- **Problem description**
In the entries below, find the line with "T-shirt made of" and the line with "Lekki i oddychający."; reproduce those two lines and all lines between them exactly, without pictures.

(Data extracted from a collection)
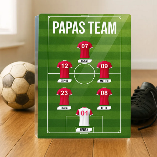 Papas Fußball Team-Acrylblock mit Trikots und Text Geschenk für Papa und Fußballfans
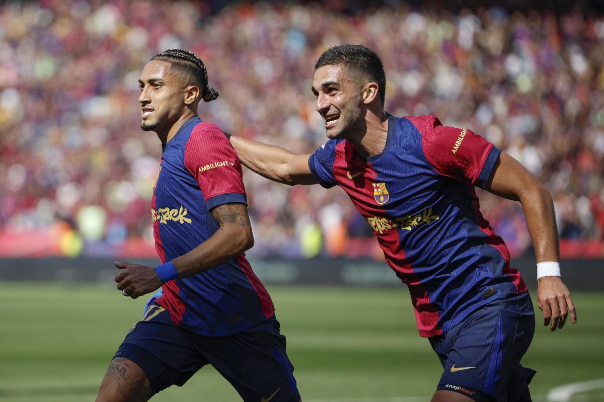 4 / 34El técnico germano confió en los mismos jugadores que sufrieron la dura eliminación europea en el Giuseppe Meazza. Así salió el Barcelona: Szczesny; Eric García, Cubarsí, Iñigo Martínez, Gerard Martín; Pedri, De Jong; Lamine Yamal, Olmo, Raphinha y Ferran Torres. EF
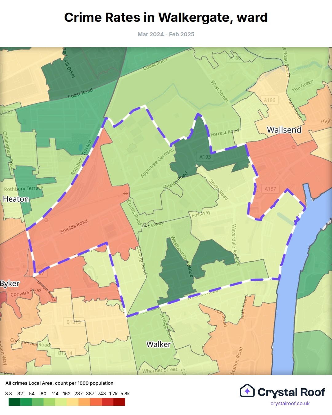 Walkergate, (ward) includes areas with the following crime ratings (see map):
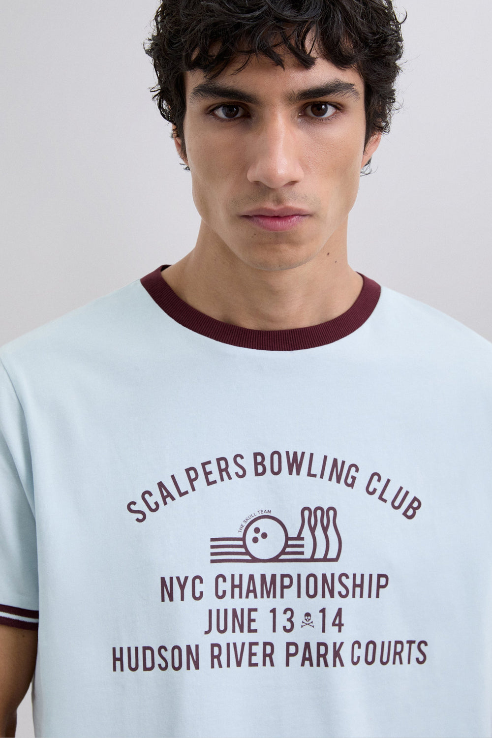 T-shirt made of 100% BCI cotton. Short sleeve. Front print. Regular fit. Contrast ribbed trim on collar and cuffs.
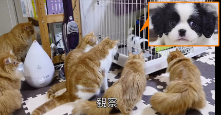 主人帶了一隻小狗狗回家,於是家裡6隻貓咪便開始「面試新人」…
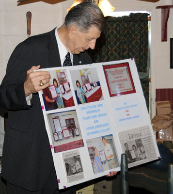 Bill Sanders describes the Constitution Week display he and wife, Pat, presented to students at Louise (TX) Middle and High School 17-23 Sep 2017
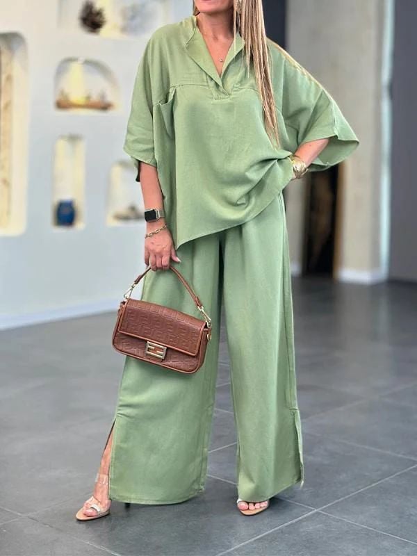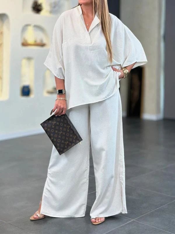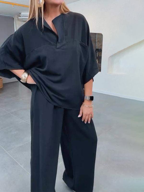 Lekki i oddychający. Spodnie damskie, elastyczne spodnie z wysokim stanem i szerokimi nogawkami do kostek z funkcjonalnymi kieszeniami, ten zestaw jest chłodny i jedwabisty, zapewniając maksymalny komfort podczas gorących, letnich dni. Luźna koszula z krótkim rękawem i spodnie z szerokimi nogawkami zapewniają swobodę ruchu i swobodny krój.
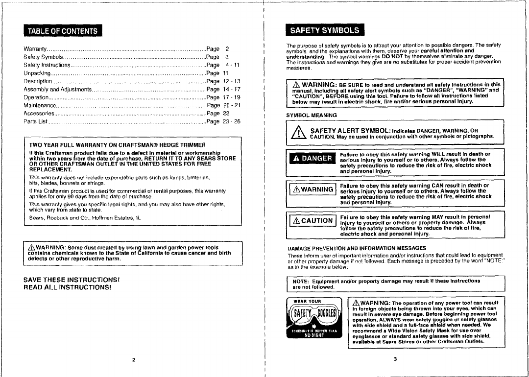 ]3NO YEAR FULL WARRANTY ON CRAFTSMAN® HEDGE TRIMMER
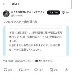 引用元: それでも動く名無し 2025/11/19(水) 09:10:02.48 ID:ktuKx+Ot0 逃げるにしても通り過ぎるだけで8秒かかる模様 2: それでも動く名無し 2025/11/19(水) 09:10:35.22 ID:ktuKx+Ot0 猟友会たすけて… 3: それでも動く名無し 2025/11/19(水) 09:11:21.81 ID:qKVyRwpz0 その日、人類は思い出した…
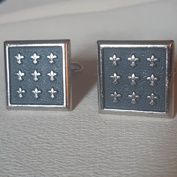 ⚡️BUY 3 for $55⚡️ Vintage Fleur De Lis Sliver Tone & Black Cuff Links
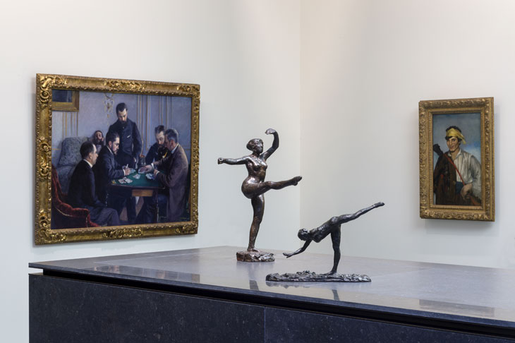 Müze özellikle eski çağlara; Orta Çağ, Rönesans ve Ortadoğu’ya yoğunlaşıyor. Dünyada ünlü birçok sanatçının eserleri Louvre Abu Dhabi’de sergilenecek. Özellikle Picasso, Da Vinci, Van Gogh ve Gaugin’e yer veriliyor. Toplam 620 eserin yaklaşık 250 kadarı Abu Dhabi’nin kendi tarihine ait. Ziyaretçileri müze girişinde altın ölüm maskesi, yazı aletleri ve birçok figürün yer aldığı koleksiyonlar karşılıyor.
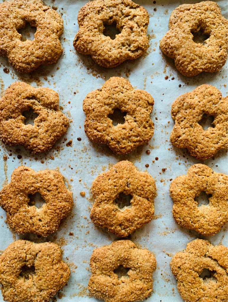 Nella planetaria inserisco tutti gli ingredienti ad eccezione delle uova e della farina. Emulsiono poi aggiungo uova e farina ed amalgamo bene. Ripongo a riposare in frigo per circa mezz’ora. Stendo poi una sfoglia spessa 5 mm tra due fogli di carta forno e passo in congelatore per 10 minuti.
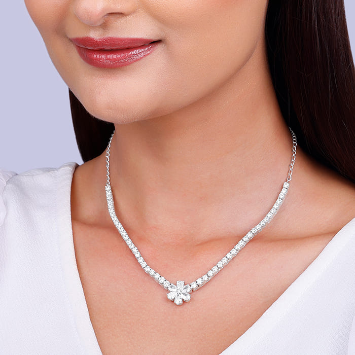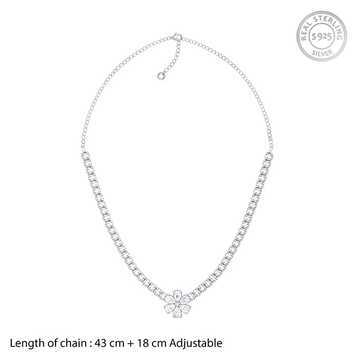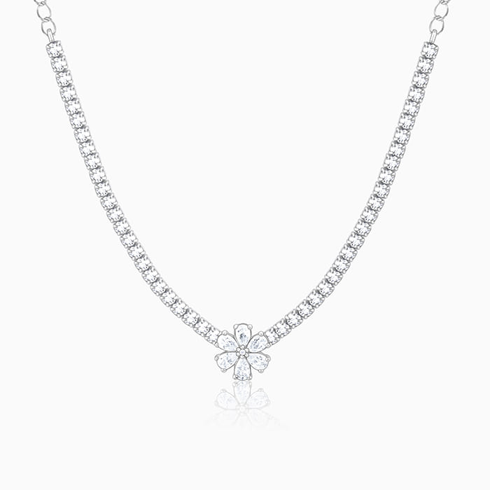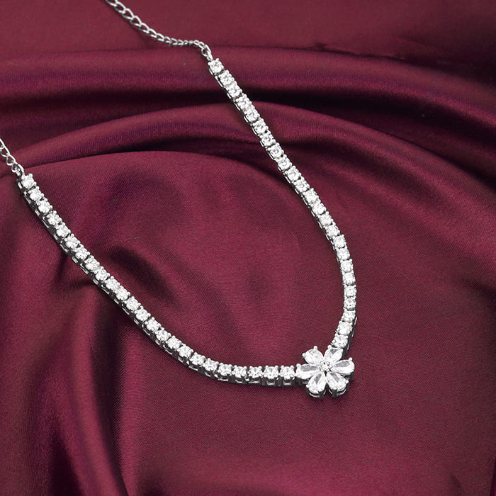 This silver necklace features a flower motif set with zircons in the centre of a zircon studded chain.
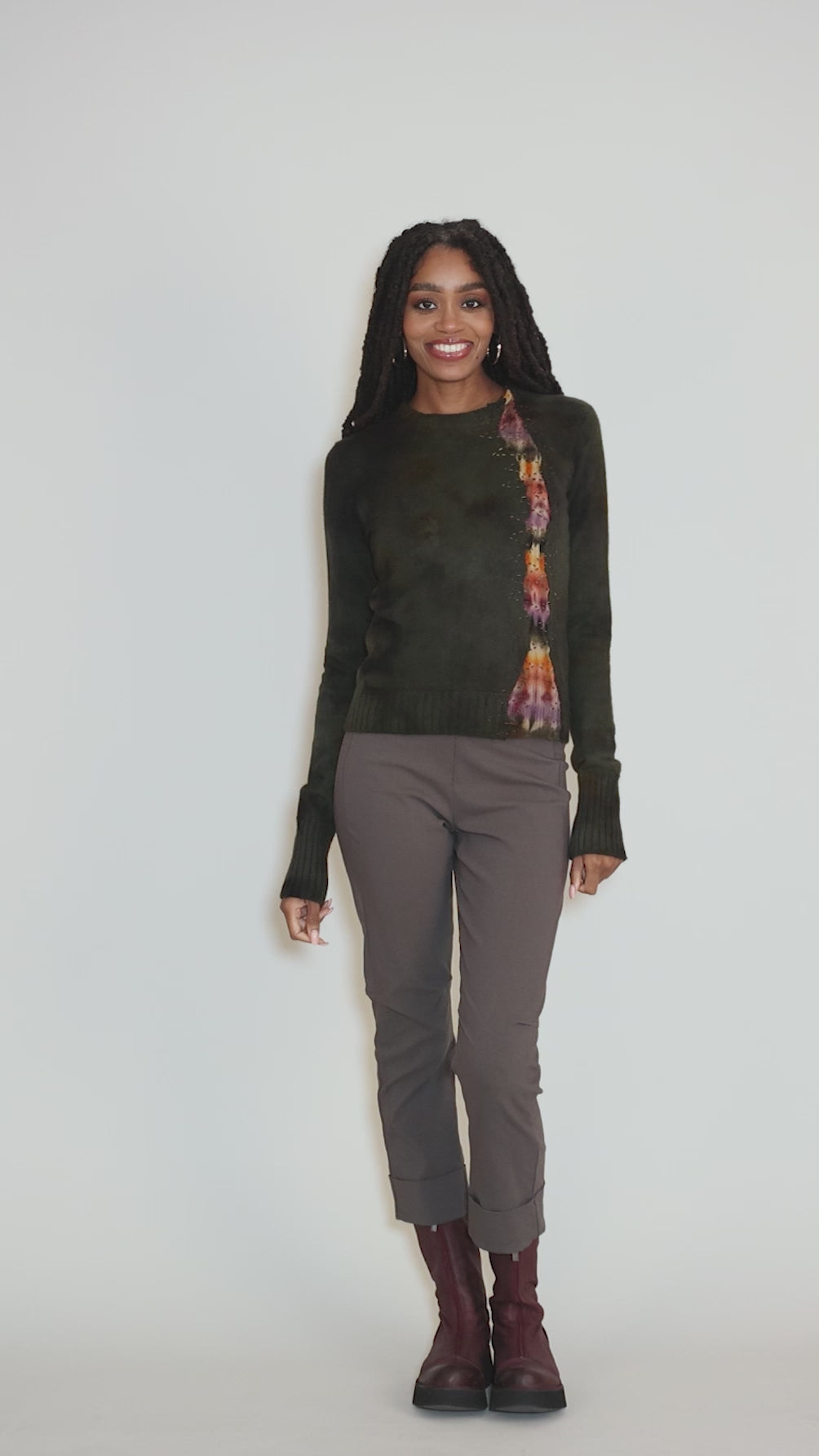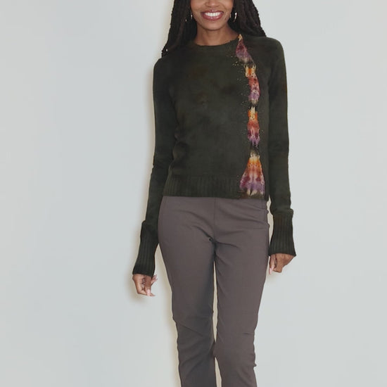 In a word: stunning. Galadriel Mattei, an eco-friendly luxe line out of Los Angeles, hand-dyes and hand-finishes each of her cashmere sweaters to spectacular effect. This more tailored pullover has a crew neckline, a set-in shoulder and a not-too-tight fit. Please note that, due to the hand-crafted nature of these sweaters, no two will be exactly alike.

- **Result**
 T-shirt made of 100% BCI cotton. Short sleeve. Front print. Regular fit. Contrast ribbed trim on collar and cuffs.
 主人帶了一隻小狗狗回家,於是家裡6隻貓咪便開始「面試新人」…
 Bill Sanders describes the Constitution Week display he and wife, Pat, presented to students at Louise (TX) Middle and High School 17-23 Sep 2017
 Lekki i oddychający. Spodnie damskie, elastyczne spodnie z wysokim stanem i szerokimi nogawkami do kostek z funkcjonalnymi kieszeniami, ten zestaw jest chłodny i jedwabisty, zapewniając maksymalny komfort podczas gorących, letnich dni. Luźna koszula z krótkim rękawem i spodnie z szerokimi nogawkami zapewniają swobodę ruchu i swobodny krój.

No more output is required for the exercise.